### WORK TO BE COMPLETED
Give back every record below word for word, with the pictures omitted.

----

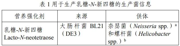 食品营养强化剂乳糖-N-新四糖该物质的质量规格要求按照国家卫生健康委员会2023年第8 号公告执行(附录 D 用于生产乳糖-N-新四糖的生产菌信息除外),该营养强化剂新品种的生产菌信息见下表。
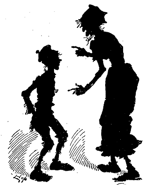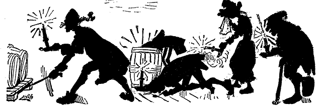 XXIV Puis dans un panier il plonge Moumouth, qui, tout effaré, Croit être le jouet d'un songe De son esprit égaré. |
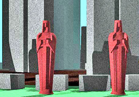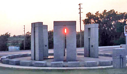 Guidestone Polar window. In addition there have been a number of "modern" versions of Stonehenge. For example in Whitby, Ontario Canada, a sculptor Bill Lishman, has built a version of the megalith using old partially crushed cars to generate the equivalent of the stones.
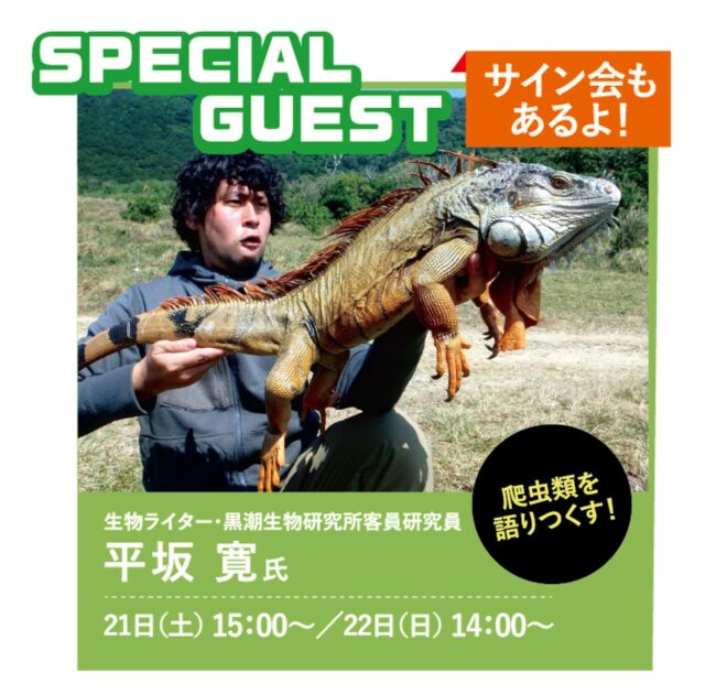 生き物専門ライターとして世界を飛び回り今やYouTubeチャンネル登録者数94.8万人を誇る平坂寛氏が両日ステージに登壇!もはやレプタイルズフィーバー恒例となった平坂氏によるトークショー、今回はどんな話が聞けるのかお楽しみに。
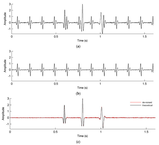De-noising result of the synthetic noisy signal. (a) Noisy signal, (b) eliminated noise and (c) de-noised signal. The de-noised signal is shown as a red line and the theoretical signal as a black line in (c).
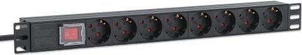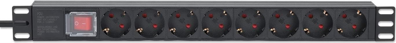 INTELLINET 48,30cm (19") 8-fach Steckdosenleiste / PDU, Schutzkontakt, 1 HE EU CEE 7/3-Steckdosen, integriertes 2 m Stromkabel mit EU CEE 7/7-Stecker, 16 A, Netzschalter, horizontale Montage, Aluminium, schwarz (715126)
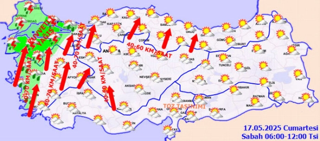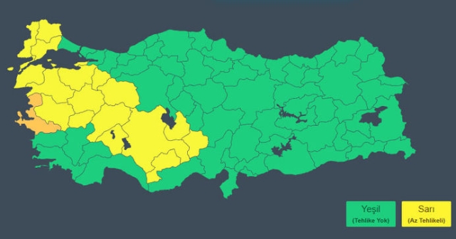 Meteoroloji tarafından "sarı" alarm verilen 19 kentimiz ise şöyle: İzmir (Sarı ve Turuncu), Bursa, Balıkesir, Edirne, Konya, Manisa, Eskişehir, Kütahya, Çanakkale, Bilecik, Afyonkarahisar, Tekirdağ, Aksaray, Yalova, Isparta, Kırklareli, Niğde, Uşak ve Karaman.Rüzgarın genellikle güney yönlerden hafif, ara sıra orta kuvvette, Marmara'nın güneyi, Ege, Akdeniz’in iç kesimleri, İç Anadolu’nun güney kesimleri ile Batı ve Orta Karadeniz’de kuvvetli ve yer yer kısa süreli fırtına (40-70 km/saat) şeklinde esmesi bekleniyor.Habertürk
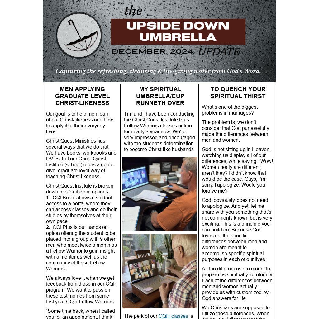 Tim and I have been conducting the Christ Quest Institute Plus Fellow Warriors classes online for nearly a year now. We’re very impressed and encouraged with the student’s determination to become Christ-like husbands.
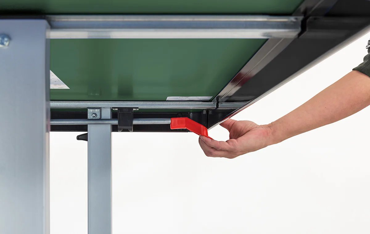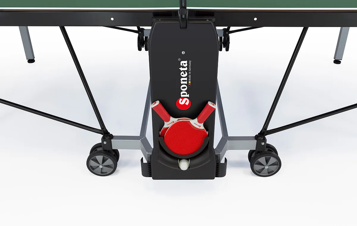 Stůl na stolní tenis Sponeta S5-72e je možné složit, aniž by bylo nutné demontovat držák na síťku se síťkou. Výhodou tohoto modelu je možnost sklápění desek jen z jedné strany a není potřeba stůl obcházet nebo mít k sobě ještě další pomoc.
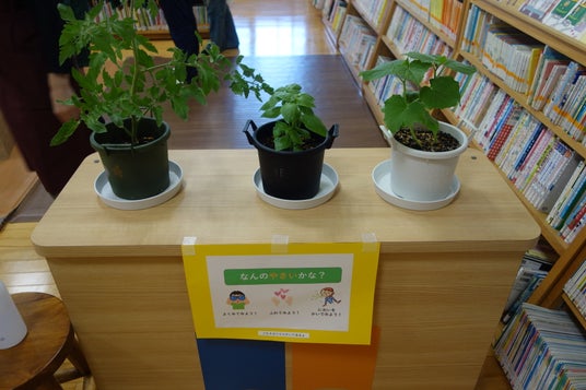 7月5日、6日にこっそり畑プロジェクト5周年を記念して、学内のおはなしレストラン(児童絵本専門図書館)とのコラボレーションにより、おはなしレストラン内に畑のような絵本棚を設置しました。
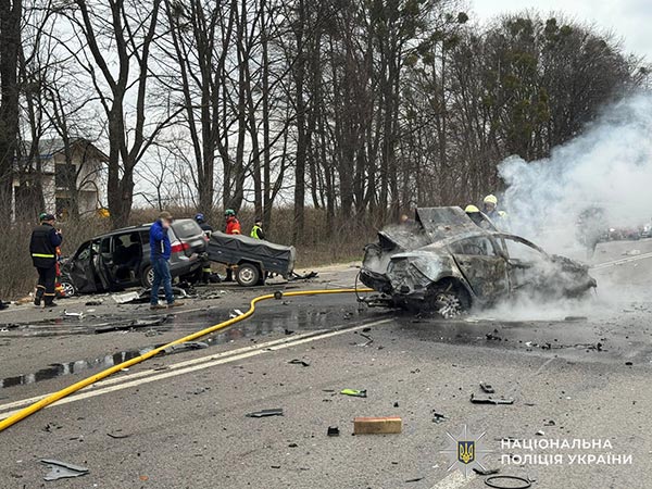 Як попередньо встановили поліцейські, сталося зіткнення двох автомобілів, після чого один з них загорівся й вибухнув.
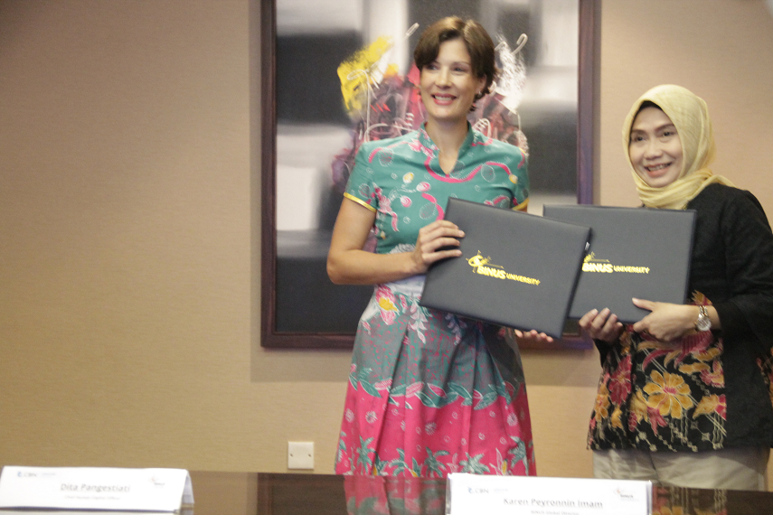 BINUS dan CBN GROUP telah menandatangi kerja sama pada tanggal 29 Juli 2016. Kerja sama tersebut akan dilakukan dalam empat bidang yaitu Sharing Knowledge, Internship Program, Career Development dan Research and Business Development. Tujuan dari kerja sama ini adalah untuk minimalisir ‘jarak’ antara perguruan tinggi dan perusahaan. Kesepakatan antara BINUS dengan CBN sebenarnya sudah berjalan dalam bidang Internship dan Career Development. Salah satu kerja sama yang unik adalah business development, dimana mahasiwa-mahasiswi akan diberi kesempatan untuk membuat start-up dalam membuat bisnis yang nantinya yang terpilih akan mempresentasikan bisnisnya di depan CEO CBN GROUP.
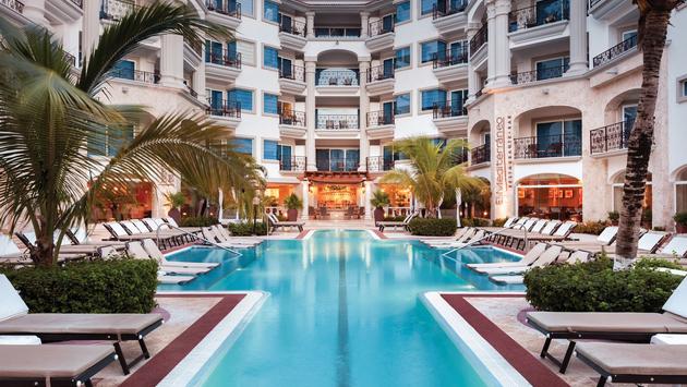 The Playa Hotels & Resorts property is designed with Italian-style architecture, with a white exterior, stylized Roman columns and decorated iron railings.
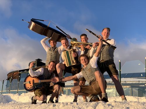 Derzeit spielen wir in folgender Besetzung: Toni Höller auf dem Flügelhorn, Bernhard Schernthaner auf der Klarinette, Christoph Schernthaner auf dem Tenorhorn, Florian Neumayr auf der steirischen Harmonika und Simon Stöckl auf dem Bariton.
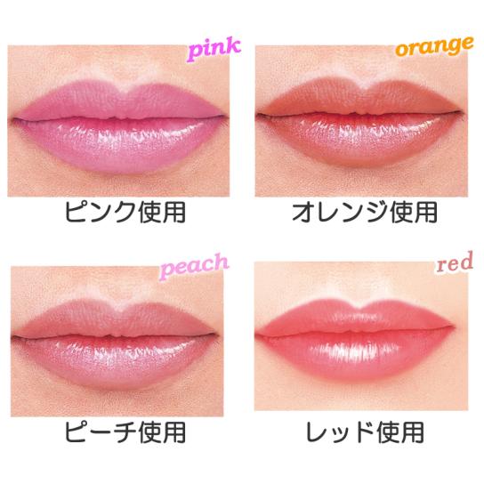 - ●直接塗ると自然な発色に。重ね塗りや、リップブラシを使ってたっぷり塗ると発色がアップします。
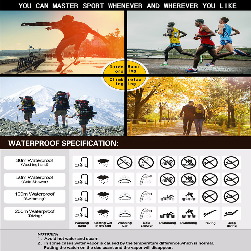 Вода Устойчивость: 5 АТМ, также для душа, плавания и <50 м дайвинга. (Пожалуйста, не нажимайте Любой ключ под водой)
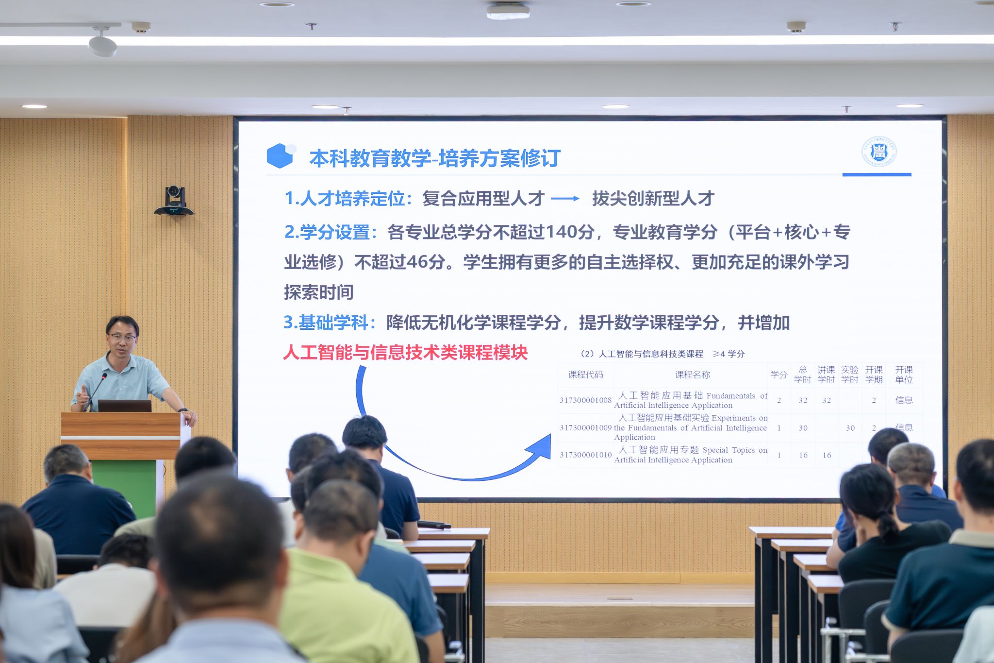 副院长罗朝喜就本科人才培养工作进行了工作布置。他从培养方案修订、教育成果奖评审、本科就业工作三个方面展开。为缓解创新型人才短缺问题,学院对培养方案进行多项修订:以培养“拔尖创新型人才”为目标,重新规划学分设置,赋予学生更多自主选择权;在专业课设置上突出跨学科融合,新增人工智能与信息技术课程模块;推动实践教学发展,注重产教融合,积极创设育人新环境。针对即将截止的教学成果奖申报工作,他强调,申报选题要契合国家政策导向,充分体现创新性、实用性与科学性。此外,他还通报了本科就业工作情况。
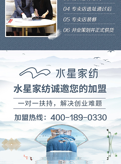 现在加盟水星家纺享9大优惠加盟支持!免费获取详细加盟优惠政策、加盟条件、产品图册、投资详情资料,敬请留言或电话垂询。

----

### RESPONSE
 食品营养强化剂乳糖-N-新四糖该物质的质量规格要求按照国家卫生健康委员会2023年第8 号公告执行(附录 D 用于生产乳糖-N-新四糖的生产菌信息除外),该营养强化剂新品种的生产菌信息见下表。
 XXIV Puis dans un panier il plonge Moumouth, qui, tout effaré, Croit être le jouet d'un songe De son esprit égaré. |
 Guidestone Polar window. In addition there have been a number of "modern" versions of Stonehenge. For example in Whitby, Ontario Canada, a sculptor Bill Lishman, has built a version of the megalith using old partially crushed cars to generate the equivalent of the stones.
 生き物専門ライターとして世界を飛び回り今やYouTubeチャンネル登録者数94.8万人を誇る平坂寛氏が両日ステージに登壇!もはやレプタイルズフィーバー恒例となった平坂氏によるトークショー、今回はどんな話が聞けるのかお楽しみに。
De-noising result of the synthetic noisy signal. (a) Noisy signal, (b) eliminated noise and (c) de-noised signal. The de-noised signal is shown as a red line and the theoretical signal as a black line in (c).
 INTELLINET 48,30cm (19") 8-fach Steckdosenleiste / PDU, Schutzkontakt, 1 HE EU CEE 7/3-Steckdosen, integriertes 2 m Stromkabel mit EU CEE 7/7-Stecker, 16 A, Netzschalter, horizontale Montage, Aluminium, schwarz (715126)
 Meteoroloji tarafından "sarı" alarm verilen 19 kentimiz ise şöyle: İzmir (Sarı ve Turuncu), Bursa, Balıkesir, Edirne, Konya, Manisa, Eskişehir, Kütahya, Çanakkale, Bilecik, Afyonkarahisar, Tekirdağ, Aksaray, Yalova, Isparta, Kırklareli, Niğde, Uşak ve Karaman.Rüzgarın genellikle güney yönlerden hafif, ara sıra orta kuvvette, Marmara'nın güneyi, Ege, Akdeniz’in iç kesimleri, İç Anadolu’nun güney kesimleri ile Batı ve Orta Karadeniz’de kuvvetli ve yer yer kısa süreli fırtına (40-70 km/saat) şeklinde esmesi bekleniyor.Habertürk
 Tim and I have been conducting the Christ Quest Institute Plus Fellow Warriors classes online for nearly a year now. We’re very impressed and encouraged with the student’s determination to become Christ-like husbands.
 Stůl na stolní tenis Sponeta S5-72e je možné složit, aniž by bylo nutné demontovat držák na síťku se síťkou. Výhodou tohoto modelu je možnost sklápění desek jen z jedné strany a není potřeba stůl obcházet nebo mít k sobě ještě další pomoc.
 7月5日、6日にこっそり畑プロジェクト5周年を記念して、学内のおはなしレストラン(児童絵本専門図書館)とのコラボレーションにより、おはなしレストラン内に畑のような絵本棚を設置しました。
 Як попередньо встановили поліцейські, сталося зіткнення двох автомобілів, після чого один з них загорівся й вибухнув.
 BINUS dan CBN GROUP telah menandatangi kerja sama pada tanggal 29 Juli 2016. Kerja sama tersebut akan dilakukan dalam empat bidang yaitu Sharing Knowledge, Internship Program, Career Development dan Research and Business Development. Tujuan dari kerja sama ini adalah untuk minimalisir ‘jarak’ antara perguruan tinggi dan perusahaan. Kesepakatan antara BINUS dengan CBN sebenarnya sudah berjalan dalam bidang Internship dan Career Development. Salah satu kerja sama yang unik adalah business development, dimana mahasiwa-mahasiswi akan diberi kesempatan untuk membuat start-up dalam membuat bisnis yang nantinya yang terpilih akan mempresentasikan bisnisnya di depan CEO CBN GROUP.
 The Playa Hotels & Resorts property is designed with Italian-style architecture, with a white exterior, stylized Roman columns and decorated iron railings.
 Derzeit spielen wir in folgender Besetzung: Toni Höller auf dem Flügelhorn, Bernhard Schernthaner auf der Klarinette, Christoph Schernthaner auf dem Tenorhorn, Florian Neumayr auf der steirischen Harmonika und Simon Stöckl auf dem Bariton.
 - ●直接塗ると自然な発色に。重ね塗りや、リップブラシを使ってたっぷり塗ると発色がアップします。
 Вода Устойчивость: 5 АТМ, также для душа, плавания и <50 м дайвинга. (Пожалуйста, не нажимайте Любой ключ под водой)
 副院长罗朝喜就本科人才培养工作进行了工作布置。他从培养方案修订、教育成果奖评审、本科就业工作三个方面展开。为缓解创新型人才短缺问题,学院对培养方案进行多项修订:以培养“拔尖创新型人才”为目标,重新规划学分设置,赋予学生更多自主选择权;在专业课设置上突出跨学科融合,新增人工智能与信息技术课程模块;推动实践教学发展,注重产教融合,积极创设育人新环境。针对即将截止的教学成果奖申报工作,他强调,申报选题要契合国家政策导向,充分体现创新性、实用性与科学性。此外,他还通报了本科就业工作情况。
 现在加盟水星家纺享9大优惠加盟支持!免费获取详细加盟优惠政策、加盟条件、产品图册、投资详情资料,敬请留言或电话垂询。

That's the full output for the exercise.